::: Dataset content
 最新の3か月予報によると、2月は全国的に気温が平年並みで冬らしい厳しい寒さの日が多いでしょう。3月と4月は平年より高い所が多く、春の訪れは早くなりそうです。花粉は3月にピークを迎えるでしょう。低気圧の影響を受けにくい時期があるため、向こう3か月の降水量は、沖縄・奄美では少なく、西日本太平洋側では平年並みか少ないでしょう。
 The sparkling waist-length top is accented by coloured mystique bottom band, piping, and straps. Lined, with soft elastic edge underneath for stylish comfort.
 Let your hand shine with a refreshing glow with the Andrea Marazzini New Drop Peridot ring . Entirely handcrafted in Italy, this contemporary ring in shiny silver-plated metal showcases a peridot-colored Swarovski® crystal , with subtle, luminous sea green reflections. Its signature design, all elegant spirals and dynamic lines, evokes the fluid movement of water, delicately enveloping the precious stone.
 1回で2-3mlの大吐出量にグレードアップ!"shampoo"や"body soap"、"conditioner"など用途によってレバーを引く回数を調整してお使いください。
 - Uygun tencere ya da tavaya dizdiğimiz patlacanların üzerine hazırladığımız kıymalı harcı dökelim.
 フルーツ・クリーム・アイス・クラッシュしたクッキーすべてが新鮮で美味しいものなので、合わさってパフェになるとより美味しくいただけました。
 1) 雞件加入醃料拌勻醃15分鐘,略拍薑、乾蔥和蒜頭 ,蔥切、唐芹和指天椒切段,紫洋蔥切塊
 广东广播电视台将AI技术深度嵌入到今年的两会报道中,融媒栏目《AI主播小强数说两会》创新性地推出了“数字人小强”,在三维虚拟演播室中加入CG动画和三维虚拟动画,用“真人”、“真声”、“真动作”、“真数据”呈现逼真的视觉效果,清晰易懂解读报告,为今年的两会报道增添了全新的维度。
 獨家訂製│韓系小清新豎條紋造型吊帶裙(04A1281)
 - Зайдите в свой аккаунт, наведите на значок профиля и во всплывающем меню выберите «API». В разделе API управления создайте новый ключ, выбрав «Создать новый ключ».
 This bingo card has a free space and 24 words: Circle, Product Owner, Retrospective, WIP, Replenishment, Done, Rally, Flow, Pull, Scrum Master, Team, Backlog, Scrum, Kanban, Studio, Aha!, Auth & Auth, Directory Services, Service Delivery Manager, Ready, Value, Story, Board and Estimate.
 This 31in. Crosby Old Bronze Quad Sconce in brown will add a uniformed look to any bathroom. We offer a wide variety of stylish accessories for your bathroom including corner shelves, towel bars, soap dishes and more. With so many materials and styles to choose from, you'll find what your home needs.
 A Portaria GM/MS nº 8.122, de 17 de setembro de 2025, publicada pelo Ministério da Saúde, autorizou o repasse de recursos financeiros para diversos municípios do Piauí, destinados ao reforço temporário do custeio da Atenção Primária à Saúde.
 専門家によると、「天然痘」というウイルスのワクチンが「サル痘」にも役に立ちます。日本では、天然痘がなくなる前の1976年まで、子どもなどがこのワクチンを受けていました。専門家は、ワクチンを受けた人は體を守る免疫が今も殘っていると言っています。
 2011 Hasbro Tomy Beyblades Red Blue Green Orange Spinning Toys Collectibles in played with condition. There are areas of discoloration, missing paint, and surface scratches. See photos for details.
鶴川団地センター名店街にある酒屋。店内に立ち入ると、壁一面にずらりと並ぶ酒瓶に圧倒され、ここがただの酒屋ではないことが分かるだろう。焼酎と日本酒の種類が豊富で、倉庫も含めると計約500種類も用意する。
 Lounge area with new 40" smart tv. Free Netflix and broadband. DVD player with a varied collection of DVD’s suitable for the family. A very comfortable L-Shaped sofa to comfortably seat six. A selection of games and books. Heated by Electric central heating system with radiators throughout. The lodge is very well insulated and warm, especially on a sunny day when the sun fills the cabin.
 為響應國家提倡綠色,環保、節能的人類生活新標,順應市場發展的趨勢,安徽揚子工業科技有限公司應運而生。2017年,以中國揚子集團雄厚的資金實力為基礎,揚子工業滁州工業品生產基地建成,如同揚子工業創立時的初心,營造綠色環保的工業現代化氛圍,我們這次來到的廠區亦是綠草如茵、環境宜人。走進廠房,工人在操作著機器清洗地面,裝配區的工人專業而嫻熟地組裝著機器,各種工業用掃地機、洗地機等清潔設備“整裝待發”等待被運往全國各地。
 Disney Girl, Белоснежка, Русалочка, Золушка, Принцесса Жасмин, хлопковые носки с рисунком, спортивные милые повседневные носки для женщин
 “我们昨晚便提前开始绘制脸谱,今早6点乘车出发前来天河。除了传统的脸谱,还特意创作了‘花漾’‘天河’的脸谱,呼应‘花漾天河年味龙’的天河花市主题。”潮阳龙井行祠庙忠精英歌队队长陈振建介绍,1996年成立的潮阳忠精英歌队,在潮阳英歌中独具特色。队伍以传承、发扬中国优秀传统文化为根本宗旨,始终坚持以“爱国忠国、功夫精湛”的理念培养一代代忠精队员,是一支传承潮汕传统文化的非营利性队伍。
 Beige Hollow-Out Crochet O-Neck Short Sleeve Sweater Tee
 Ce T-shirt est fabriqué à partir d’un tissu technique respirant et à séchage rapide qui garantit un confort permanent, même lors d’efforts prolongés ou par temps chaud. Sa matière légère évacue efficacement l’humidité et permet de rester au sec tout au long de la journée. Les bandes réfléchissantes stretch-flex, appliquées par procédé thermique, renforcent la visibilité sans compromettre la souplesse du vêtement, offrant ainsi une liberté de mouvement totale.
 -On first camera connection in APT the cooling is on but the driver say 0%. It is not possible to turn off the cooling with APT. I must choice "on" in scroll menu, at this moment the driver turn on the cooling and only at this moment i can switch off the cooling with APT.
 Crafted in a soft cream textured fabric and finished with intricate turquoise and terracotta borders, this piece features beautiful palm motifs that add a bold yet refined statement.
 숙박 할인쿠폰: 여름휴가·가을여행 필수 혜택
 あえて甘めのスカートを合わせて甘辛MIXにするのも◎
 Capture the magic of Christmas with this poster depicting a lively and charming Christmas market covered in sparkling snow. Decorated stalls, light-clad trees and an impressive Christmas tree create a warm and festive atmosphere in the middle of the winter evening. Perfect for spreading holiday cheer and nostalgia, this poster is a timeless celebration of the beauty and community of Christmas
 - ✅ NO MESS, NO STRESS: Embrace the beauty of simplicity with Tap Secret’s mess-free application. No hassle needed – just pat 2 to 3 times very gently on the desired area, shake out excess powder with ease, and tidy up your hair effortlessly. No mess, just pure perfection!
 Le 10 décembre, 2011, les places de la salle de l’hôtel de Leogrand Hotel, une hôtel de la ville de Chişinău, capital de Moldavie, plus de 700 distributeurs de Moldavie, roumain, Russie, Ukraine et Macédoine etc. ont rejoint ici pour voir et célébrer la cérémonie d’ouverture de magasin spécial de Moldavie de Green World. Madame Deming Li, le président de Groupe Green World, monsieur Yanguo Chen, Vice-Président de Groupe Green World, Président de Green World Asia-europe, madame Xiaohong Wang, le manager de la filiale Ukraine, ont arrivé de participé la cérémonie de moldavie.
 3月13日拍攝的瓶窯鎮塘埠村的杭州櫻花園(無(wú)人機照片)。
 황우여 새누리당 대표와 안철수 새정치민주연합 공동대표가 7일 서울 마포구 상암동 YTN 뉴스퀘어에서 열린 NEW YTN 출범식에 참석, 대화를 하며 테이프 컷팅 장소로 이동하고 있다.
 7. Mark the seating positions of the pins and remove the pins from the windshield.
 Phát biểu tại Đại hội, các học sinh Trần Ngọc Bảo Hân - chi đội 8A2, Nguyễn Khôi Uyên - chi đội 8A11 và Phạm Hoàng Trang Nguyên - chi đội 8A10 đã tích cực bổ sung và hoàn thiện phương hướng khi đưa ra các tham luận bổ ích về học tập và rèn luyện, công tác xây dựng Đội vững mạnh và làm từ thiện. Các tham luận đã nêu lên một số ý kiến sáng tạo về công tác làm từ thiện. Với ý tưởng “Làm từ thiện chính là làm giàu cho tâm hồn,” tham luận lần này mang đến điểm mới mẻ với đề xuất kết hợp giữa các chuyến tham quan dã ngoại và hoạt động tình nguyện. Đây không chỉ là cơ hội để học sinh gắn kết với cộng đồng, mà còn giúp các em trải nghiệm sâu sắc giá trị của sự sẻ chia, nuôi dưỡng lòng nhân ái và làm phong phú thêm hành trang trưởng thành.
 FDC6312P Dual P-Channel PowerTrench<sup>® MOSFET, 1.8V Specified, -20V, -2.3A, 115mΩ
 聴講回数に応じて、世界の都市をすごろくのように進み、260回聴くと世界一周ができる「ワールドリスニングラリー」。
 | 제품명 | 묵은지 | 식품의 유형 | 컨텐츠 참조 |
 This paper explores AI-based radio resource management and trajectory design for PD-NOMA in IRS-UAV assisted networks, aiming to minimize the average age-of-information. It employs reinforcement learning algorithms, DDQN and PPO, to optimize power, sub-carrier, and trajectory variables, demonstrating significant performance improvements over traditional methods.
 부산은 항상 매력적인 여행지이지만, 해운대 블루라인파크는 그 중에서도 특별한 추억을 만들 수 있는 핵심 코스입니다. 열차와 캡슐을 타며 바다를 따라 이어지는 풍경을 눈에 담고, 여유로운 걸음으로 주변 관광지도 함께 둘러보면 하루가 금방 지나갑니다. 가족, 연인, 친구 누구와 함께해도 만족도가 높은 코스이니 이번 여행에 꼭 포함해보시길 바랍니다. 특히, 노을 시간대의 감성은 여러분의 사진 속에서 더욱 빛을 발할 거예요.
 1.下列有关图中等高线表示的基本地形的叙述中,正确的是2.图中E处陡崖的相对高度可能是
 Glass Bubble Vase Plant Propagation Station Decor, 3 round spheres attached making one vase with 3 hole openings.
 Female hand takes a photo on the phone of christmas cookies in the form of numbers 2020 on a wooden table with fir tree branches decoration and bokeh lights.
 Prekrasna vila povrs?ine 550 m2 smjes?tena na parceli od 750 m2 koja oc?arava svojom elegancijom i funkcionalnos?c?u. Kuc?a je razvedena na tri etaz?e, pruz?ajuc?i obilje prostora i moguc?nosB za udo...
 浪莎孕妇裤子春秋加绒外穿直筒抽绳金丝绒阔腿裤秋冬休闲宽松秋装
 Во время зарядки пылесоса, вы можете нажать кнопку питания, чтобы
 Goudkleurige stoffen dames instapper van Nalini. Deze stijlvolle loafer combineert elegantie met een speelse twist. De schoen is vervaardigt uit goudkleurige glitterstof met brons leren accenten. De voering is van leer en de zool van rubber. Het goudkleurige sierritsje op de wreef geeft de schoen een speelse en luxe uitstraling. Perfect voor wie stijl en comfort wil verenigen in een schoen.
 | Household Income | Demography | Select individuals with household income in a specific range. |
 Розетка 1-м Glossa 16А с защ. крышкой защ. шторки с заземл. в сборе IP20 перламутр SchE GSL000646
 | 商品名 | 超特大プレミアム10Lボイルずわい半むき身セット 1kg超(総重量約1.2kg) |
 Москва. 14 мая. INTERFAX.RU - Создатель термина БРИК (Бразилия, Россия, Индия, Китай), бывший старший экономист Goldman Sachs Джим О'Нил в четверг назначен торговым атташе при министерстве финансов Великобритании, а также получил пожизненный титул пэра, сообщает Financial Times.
::::::
Goal of the exercise -> All lines from the one containing "超特大プレミアム10Lボイルずわい半むき身セット 1kg超(総重量約1.2kg) |" to the end of the records, both ends included, should be printed exactly and on their own.

Exercise answer ->
 | 商品名 | 超特大プレミアム10Lボイルずわい半むき身セット 1kg超(総重量約1.2kg) |
 Москва. 14 мая. INTERFAX.RU - Создатель термина БРИК (Бразилия, Россия, Индия, Китай), бывший старший экономист Goldman Sachs Джим О'Нил в четверг назначен торговым атташе при министерстве финансов Великобритании, а также получил пожизненный титул пэра, сообщает Financial Times.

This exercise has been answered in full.